Leave out all pictures. Extract exactly the lines from the one containing "Книга не отпускает" through the end of the data.

• RECORDS TO USE
>>>
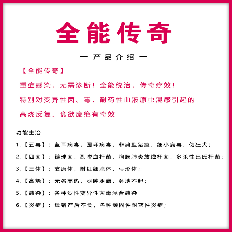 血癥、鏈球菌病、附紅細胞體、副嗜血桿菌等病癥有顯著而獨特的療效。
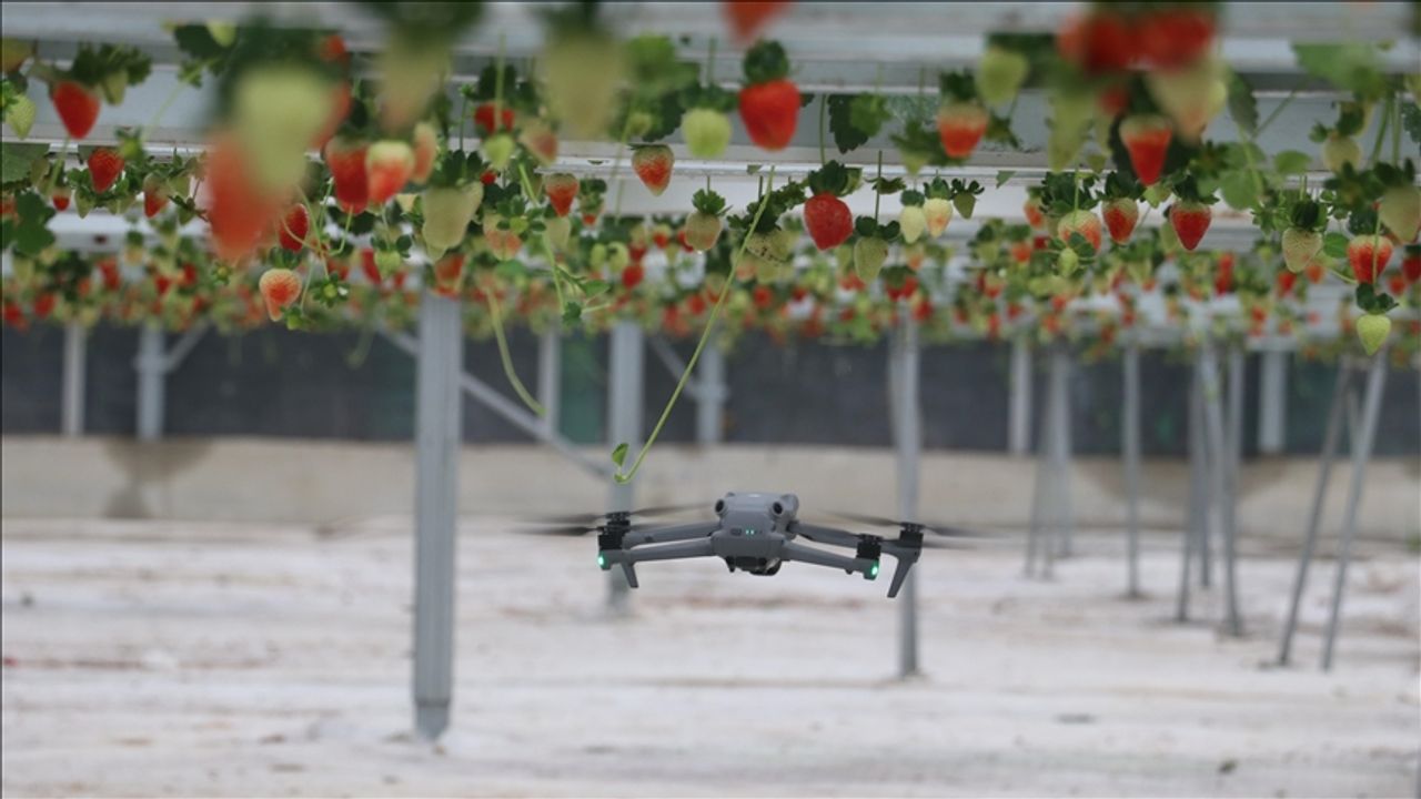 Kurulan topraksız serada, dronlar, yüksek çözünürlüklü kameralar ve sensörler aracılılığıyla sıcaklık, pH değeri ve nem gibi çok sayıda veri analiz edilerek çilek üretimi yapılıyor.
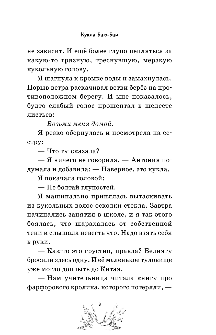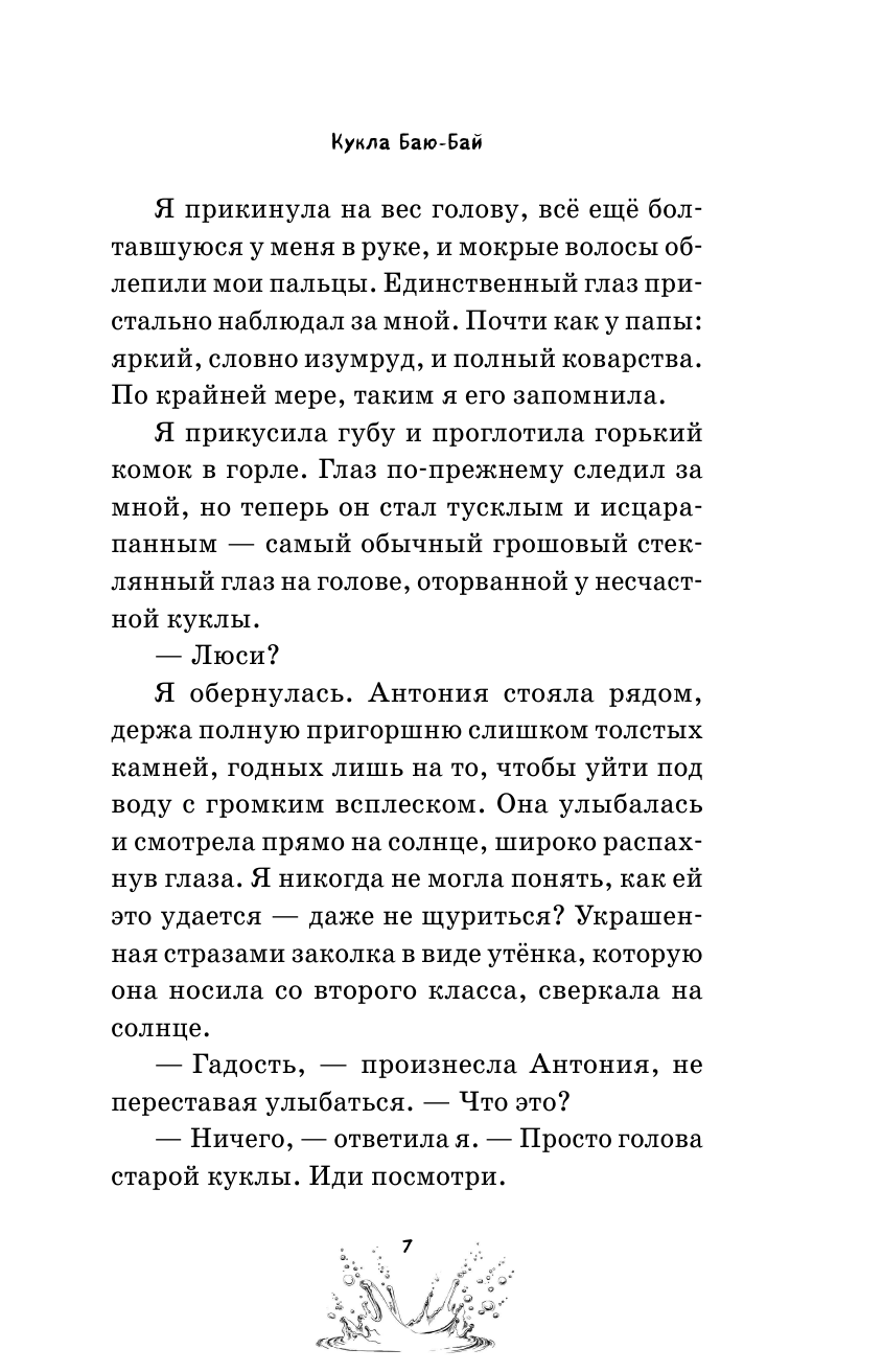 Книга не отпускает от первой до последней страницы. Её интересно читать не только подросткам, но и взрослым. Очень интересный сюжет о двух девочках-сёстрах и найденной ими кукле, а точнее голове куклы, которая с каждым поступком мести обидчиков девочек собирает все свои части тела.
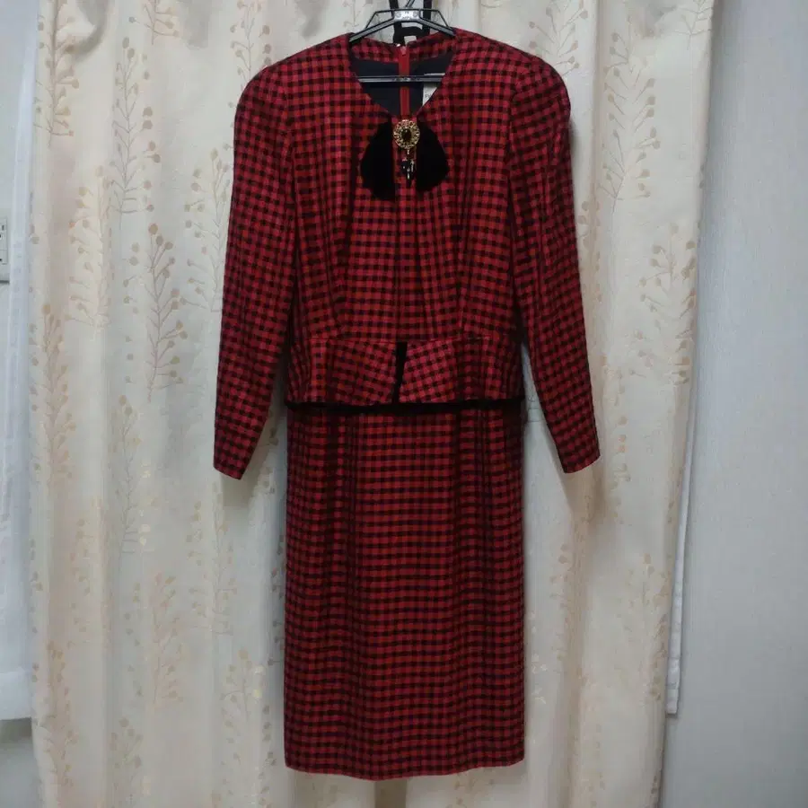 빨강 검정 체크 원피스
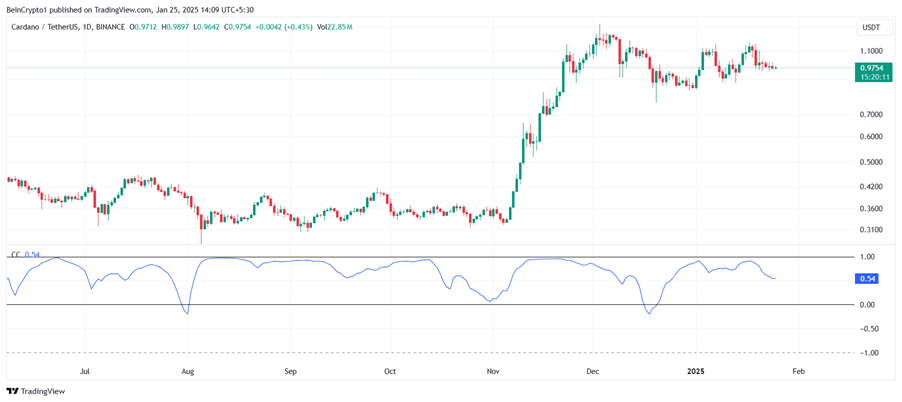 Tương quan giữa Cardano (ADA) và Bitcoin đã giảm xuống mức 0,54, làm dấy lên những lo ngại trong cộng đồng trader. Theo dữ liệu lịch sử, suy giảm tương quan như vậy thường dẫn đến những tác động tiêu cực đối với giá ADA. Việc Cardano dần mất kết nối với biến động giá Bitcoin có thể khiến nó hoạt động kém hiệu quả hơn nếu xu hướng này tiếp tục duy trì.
<<<
• EXERCISE SOLUTION
 Книга не отпускает от первой до последней страницы. Её интересно читать не только подросткам, но и взрослым. Очень интересный сюжет о двух девочках-сёстрах и найденной ими кукле, а точнее голове куклы, которая с каждым поступком мести обидчиков девочек собирает все свои части тела.
 빨강 검정 체크 원피스
 Tương quan giữa Cardano (ADA) và Bitcoin đã giảm xuống mức 0,54, làm dấy lên những lo ngại trong cộng đồng trader. Theo dữ liệu lịch sử, suy giảm tương quan như vậy thường dẫn đến những tác động tiêu cực đối với giá ADA. Việc Cardano dần mất kết nối với biến động giá Bitcoin có thể khiến nó hoạt động kém hiệu quả hơn nếu xu hướng này tiếp tục duy trì.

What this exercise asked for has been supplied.